John, I love the thoughts but please restrain your use of boldface. When everything's highlighted, nothing stands out. Reminds me of the days WHEN PEOPLE SHOUTED ON THE WEB WITH ALL CAPS.

Luis Alberola

Great post ! And also great comment on brokers by John Maloney - my thoughts exactly as I work on the future of the insurance industry. The opportunity for Independent Insurers with technology is huge, and also wondering whether Google isn't trying to reinvent the old broker model, like they reinvented advertsing (another brokerage)

Kevin Carroll

Another great post John!

Monetizing the delivery of "advice" (e.g. the activities of real estate agents, financial professionals, recruiters, consultants, and the like--all "trusted advisors") has always been a very good business.

And to deliver "advice" better than competitors the "advice-giver" must be endowed with brokerage-skill.

So, each "trusted advisor" is a brokerage-skill capable node in a specific network and each is built on the same foundation, that each knows something about the principal decision-makers and something about what’s valuable to each.
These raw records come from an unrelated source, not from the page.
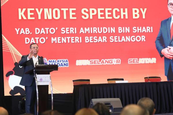 Dato’ Menteri Besar Dato’ Seri Amirudin Shari (tengah) selepas Majlis Menandatangani Usahasama antara Nestle Malaysia dan KDEB Waste Management (KDEBWM) di Pusat Konvensyen Shah Alam pada 22 April 2025. Foto NUR ADIBAH AHMAD IZAM/MEDIASELANGOR[/caption]
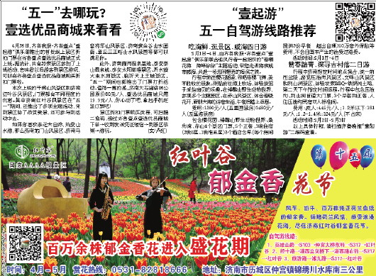“五一”去哪玩? 壹选优品商城来看看   吃海鲜、逛景区、威海四日游   5月1日-4日,由齐鲁晚报·齐鲁壹点“壹起游”俱乐部联合追风行者一起组织的“春潮花海 海峰徐徐”主题活动,带您走进海滨城市威海,共赴一场悠闲惬意的海滨之旅。   行程中前往樱花隧道,领略落樱飞舞,美不胜收的景象。乘船前往海上牧场,体验拔笼子采拾扇贝的乐趣。在神雕山野生动物世界,参观多个主题园区。在赤山风景区,体会春暖花开,面朝大海的诗意生活,午餐后踏上返程。   费用:1280元/人(五星园景房)1480元/人(五星海景房)   包含樱花园、神雕山野生动物世界、桑沟湾、赤山4个景区门票,5个正餐、3晚住宿(2晚5星、1晚准五星)3个酒店含早(每个房间提供2份早餐 超出自理)50万意外保险等费用,不含自驾车产生的油费过路费。   活动时间:5月1日-4日   赏春踏青、探寻古村落二日游   行程中济南指定时间地点集合,统一前往兰陵,游览压油沟风景区、文峰山风景区和利山涧景区,体验农家BBQ+铁锅炖土鸡,第二天下午指定时间返程。行程中包含压油沟、利山涧首道大门票,3个早餐和正餐,入住压油沟民宿双人标准间。   费用:成人:445元/人;1.2米以下:181元/人;1.2-1.4米:324元/人(不占床)   活动时间:5月2日-5月3日   以上具体行程,请扫描齐鲁晚报“壹起游”二维码查看。   4月28日,齐鲁晚报·齐鲁壹点“壹起游”俱乐部推出的首批线上景区折扣门票在齐鲁壹点壹选优品商城正式上线。据统计,共有29家景区参加了上线活动,意味着以后游客到景区游玩,可以在齐鲁壹点壹选优品商城购买折扣门票啦。   本次上线的千佛山风景区和济南红叶谷风景区,门票都有不同程度的优惠。其中济南红叶谷风景区在“五一”期间,还推出了多项主题活动,来到景区除了欣赏美景,还可参与到活动中去。   如果你喜欢亲近大自然,热爱山水游,那么济南龙门山风景区、济南马套将军山风景区、济南黄金谷山水画廊、章丘三王峪山水风景园等都可以满足你。   此外,济南商河温泉基地、泰安泰山温泉城、泰安太阳部落景区、沂水萤火虫水洞景区、临沂天上王城景区,“五一”期间也都推出了门票打折活动。值得一提的是,济南大石崮森林公园原价80元/人,壹选优品商城只需19.9元/人,你心动了吧,拿起手机赶紧订票吧!   景区折扣门票购买流程,可扫描二维码,通过齐鲁壹点壹选优品商城下单→收到发送凭证短信→到景区核销→游玩。     (文/卢红) “壹起游” 五一自驾游线路推荐
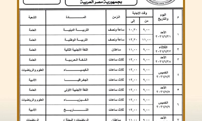 وزير التربية والتعليم يعتمد جدول امتحانات الثانوية العامة للدور الأول 2026
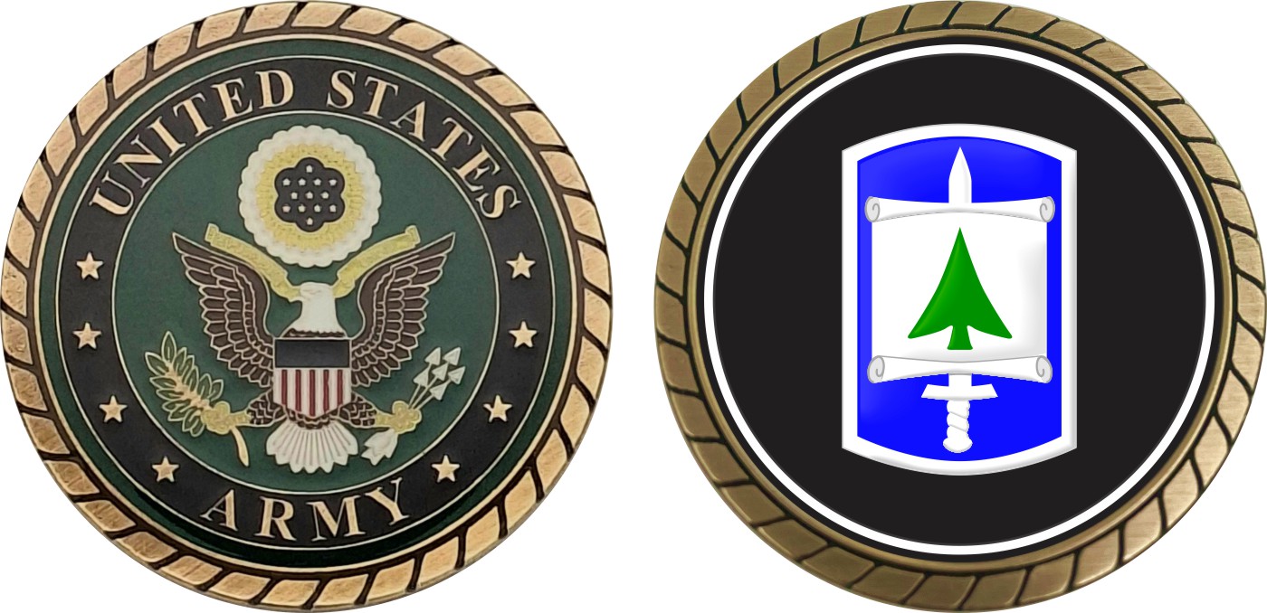 This 1 3/4” 364th Civil Affairs Brigade Patch Challenge Coin is proudly offered by Militarybest. This Officially Licensed Army coin has beautiful enamel finish on one side and an organized crisp clean design on the opposite side.

Thus, the change really is not "From affluent niches to mass market" but rather from affluent niches to mass market niches.

I view this excellent post with a title that is this: Disruption by Scaling Brokerage-Skill.

John Maloney

John -

Nice blog. It's been a soapbox theme for me for a couple years. However, I shorten 'trusted advisors' into a shorter, five-letter moniker: broker. It's a critical role.

As people and civil society embrace the enormous advantages of complexity and and dynamic systems in everyday life, trusted advisors/brokers become essential attractors.

In a world quickly moving from constrained predictability to emergent, limitless abundance and possibility, attractors are key.

Brokers and trusted advisors are the critical instigators that reveal valuable pathways to optimal outcomes.